**EXERCISE DATA:**
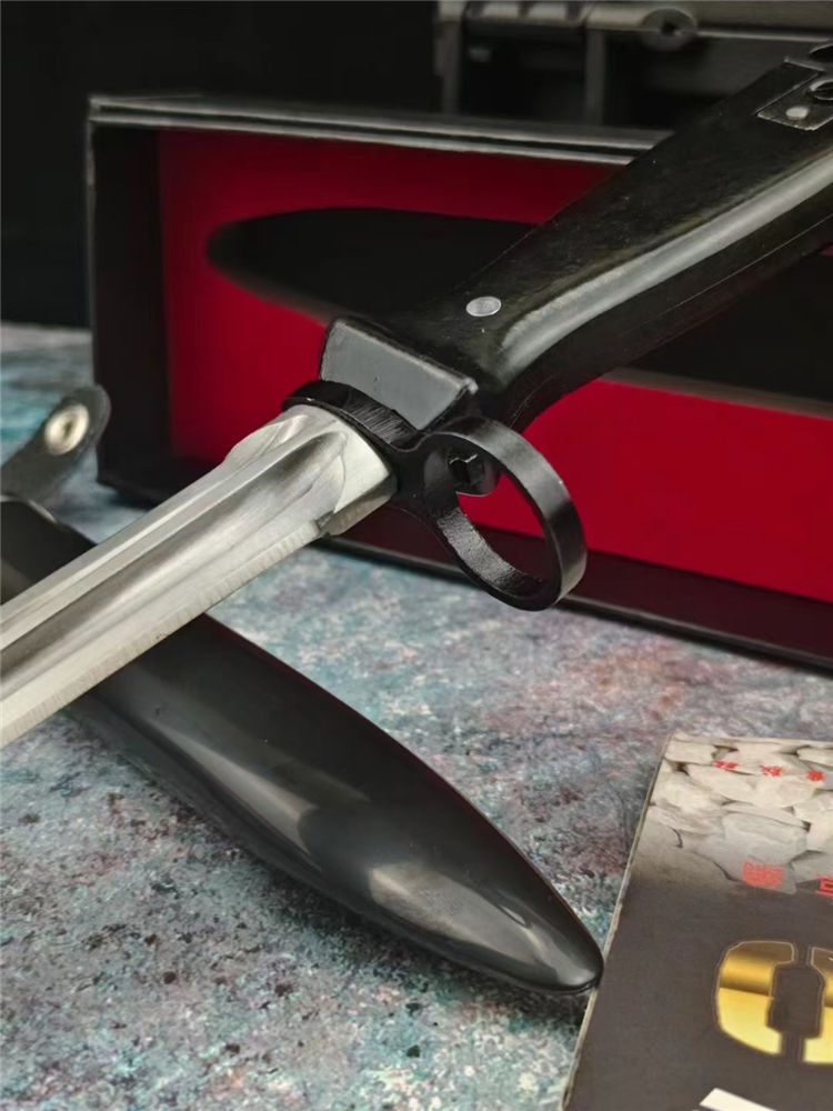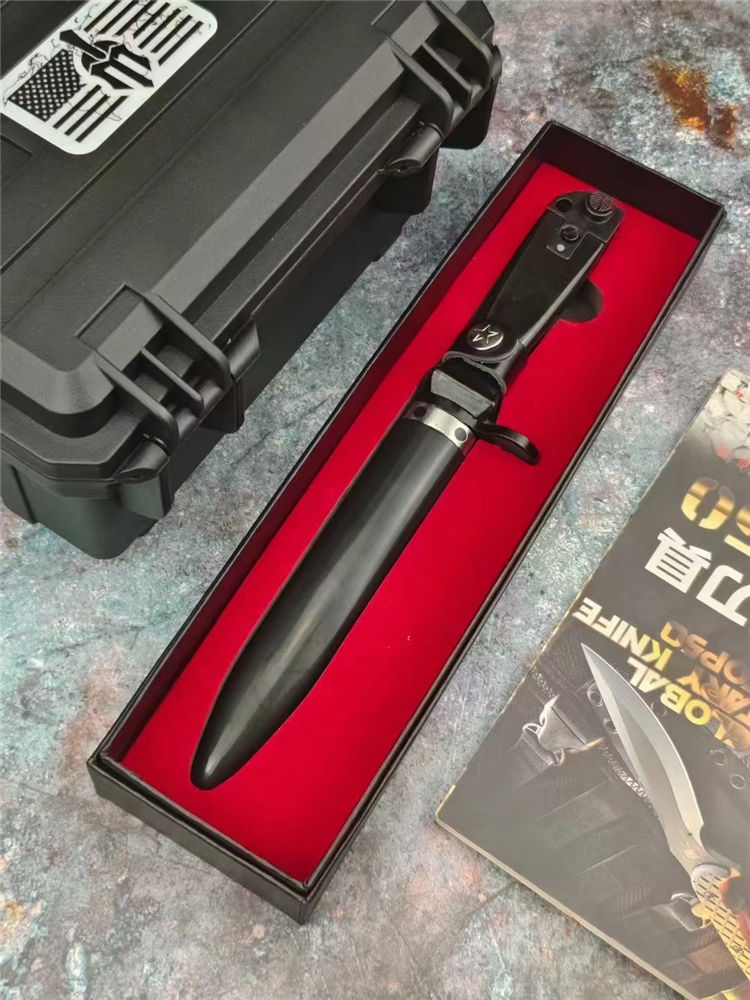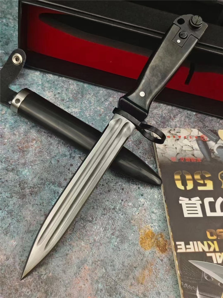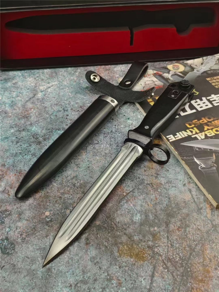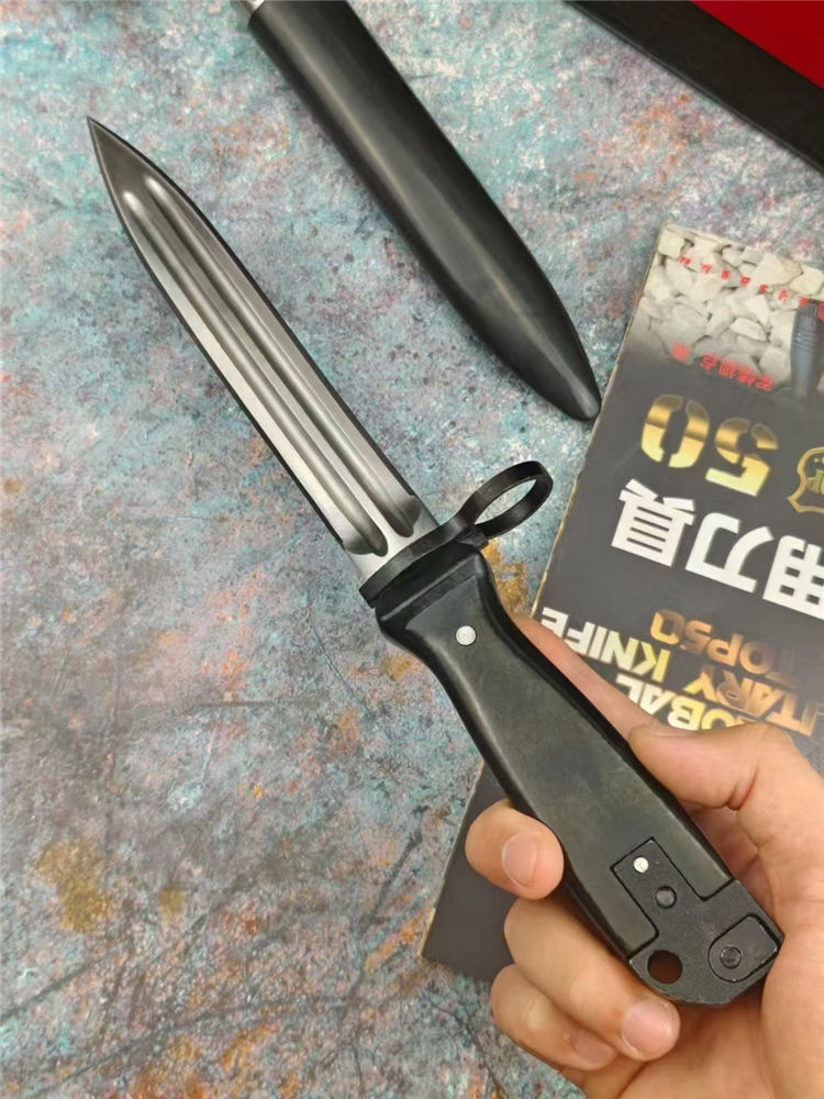 黑曜版精装八一军刺 全长:29.8cm 柄长:12.8cm 刃长:17cm 刃宽:2.3cm 刃厚:12mm 硬度:60HRC 表面:砂光 刃材:军用钵(合金钢) 鞘材:军用ABS 柄材:电木+钢 总重:320g
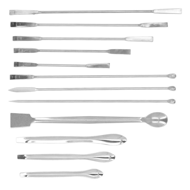 - Including 12pcs: This kit includes 12 different sizes and shapes of laboratory scoops. This stainless steel laboratory mini spoon kit is sufficient to meet all your needs. Equipped with a cloth bag for easy storage. It can make you work better.
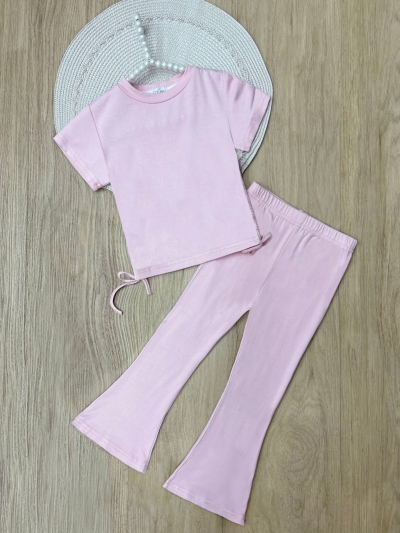 Everyday Stretch Light Pink Side-Ruched Tee & Flare Pant Set
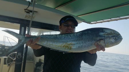 お昼前に やっと魚たちが顔を見せてくれましたが なんとシイラでした。
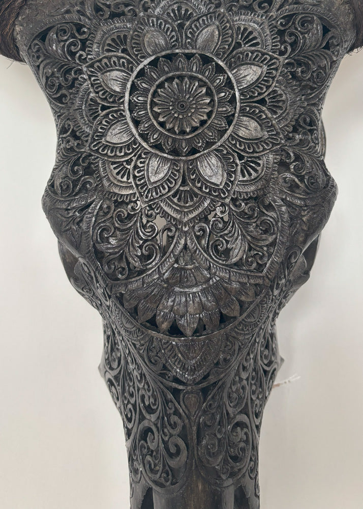 The authentic cow hand-carved skull is a stunning and rare item that will surely add a touch of unique beauty to any wall collection. The skull is ethically sourced and hand-carved ,making each piece one-of-a-kind. This exquisite work of art is a true testament to the skill and craftsmanship of the artist who created it. Don't miss out on the opportunity to own such a remarkable piece.
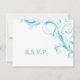 Este cartão de resposta é bonito com um delicado design de trabalho de rolagem em lindo Curaçao Azul em branco. Dá uma aparência brilhante, clara e nítida que é bonito, romântica, elegante e clássica, enquanto ainda é moderna com uma dica de safra, perfeita para o casamento oceânico/praia. Isto é parte de uma coleção de casamentos que tem ambas espirais brancas sobre um fundo turquesa/aqua, e turquesas espirais sobre um fundo branco, para que você possa se misturar e combinar com seu gosto. A cor de fundo é personalizável... basta clicar no botão "personalizá-la" para alterar a cor. Qual é a sua cor favorita do azul-turquesa?
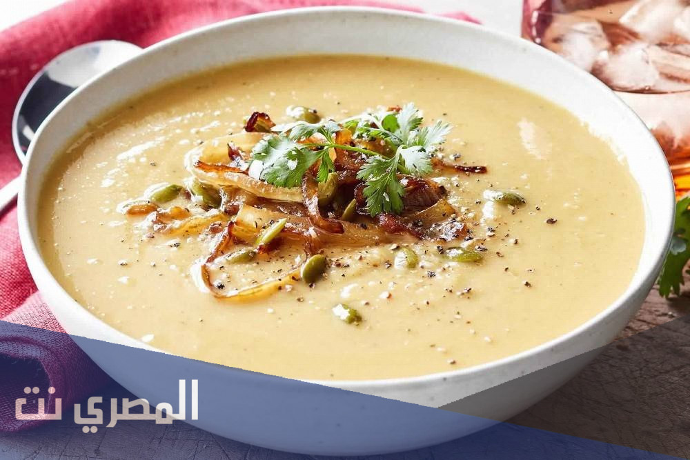 • يُسكب المزيج في أطباق التقديم ويُزين بالبصل الأحمر ويُقدم ساخنًا أو باردًا حسب الذوق.
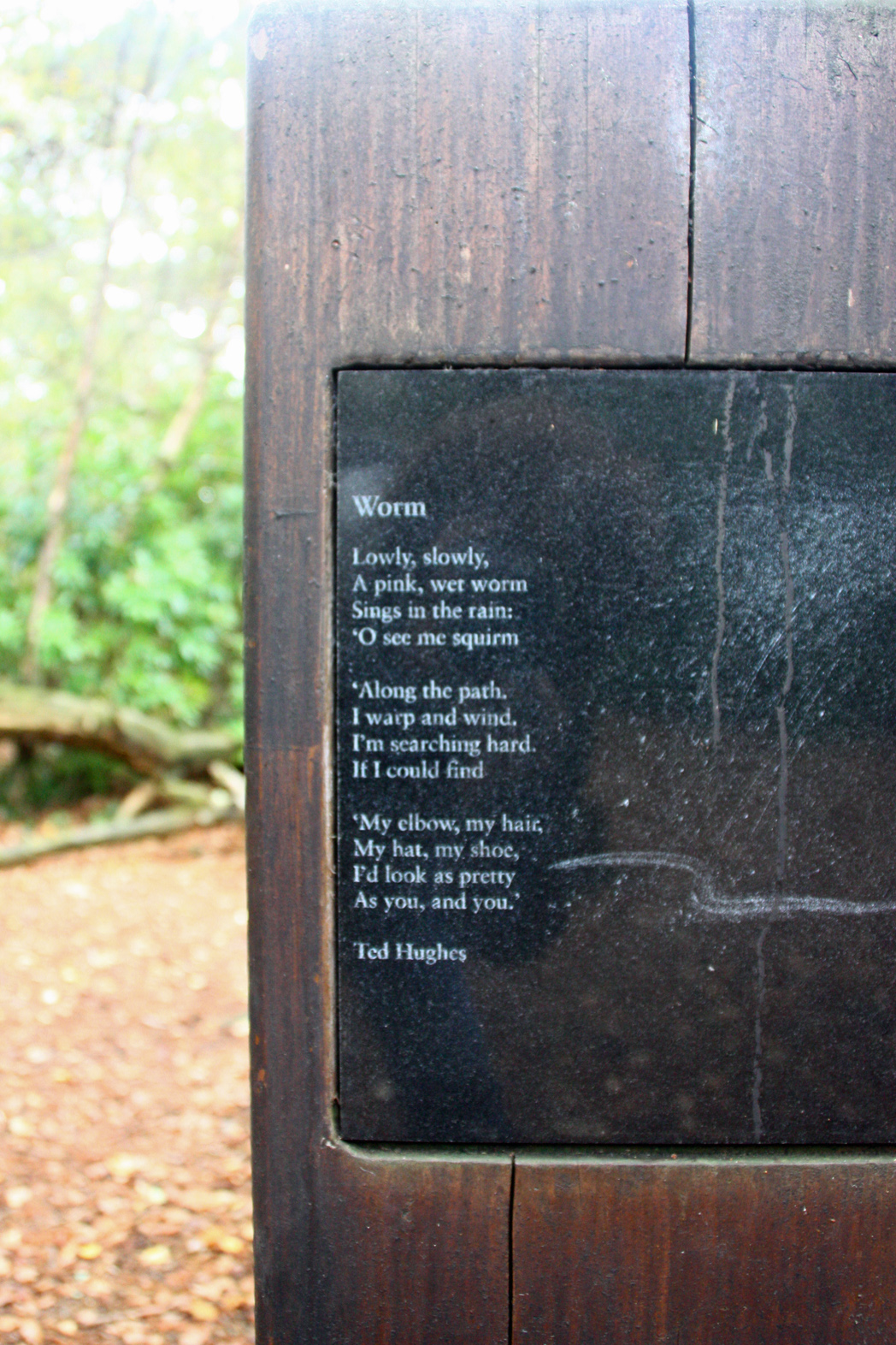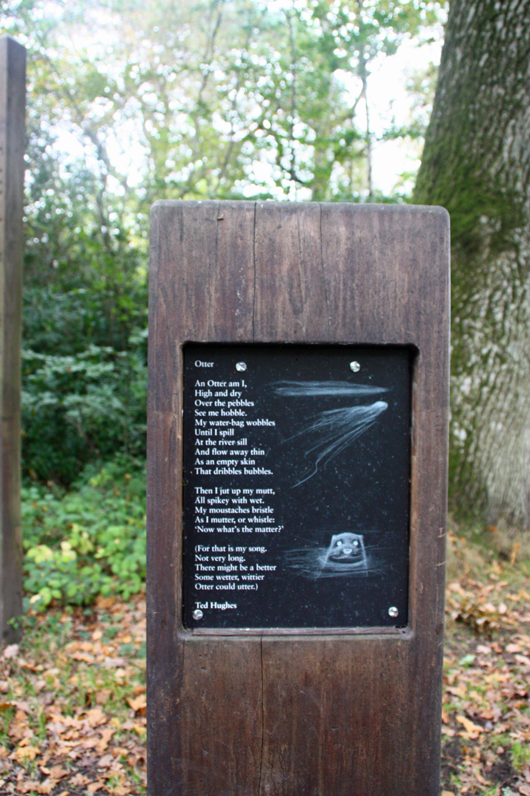 Some of the Ted Hughes poems around the trail are An Otter, A Cormorant, Nightjar, Trees, The Lake, The Kingfisher, The Thought-Fox, and Dragonfly. I didn’t see all sixteen, so I’ll have to go back!

**PROBLEM STATEMENT:** Exact copy, no pictures: write out all the records above.

**ANSWER AREA:**
 黑曜版精装八一军刺 全长:29.8cm 柄长:12.8cm 刃长:17cm 刃宽:2.3cm 刃厚:12mm 硬度:60HRC 表面:砂光 刃材:军用钵(合金钢) 鞘材:军用ABS 柄材:电木+钢 总重:320g
 - Including 12pcs: This kit includes 12 different sizes and shapes of laboratory scoops. This stainless steel laboratory mini spoon kit is sufficient to meet all your needs. Equipped with a cloth bag for easy storage. It can make you work better.
 Everyday Stretch Light Pink Side-Ruched Tee & Flare Pant Set
 お昼前に やっと魚たちが顔を見せてくれましたが なんとシイラでした。
 The authentic cow hand-carved skull is a stunning and rare item that will surely add a touch of unique beauty to any wall collection. The skull is ethically sourced and hand-carved ,making each piece one-of-a-kind. This exquisite work of art is a true testament to the skill and craftsmanship of the artist who created it. Don't miss out on the opportunity to own such a remarkable piece.
 Este cartão de resposta é bonito com um delicado design de trabalho de rolagem em lindo Curaçao Azul em branco. Dá uma aparência brilhante, clara e nítida que é bonito, romântica, elegante e clássica, enquanto ainda é moderna com uma dica de safra, perfeita para o casamento oceânico/praia. Isto é parte de uma coleção de casamentos que tem ambas espirais brancas sobre um fundo turquesa/aqua, e turquesas espirais sobre um fundo branco, para que você possa se misturar e combinar com seu gosto. A cor de fundo é personalizável... basta clicar no botão "personalizá-la" para alterar a cor. Qual é a sua cor favorita do azul-turquesa?
 • يُسكب المزيج في أطباق التقديم ويُزين بالبصل الأحمر ويُقدم ساخنًا أو باردًا حسب الذوق.
 Some of the Ted Hughes poems around the trail are An Otter, A Cormorant, Nightjar, Trees, The Lake, The Kingfisher, The Thought-Fox, and Dragonfly. I didn’t see all sixteen, so I’ll have to go back!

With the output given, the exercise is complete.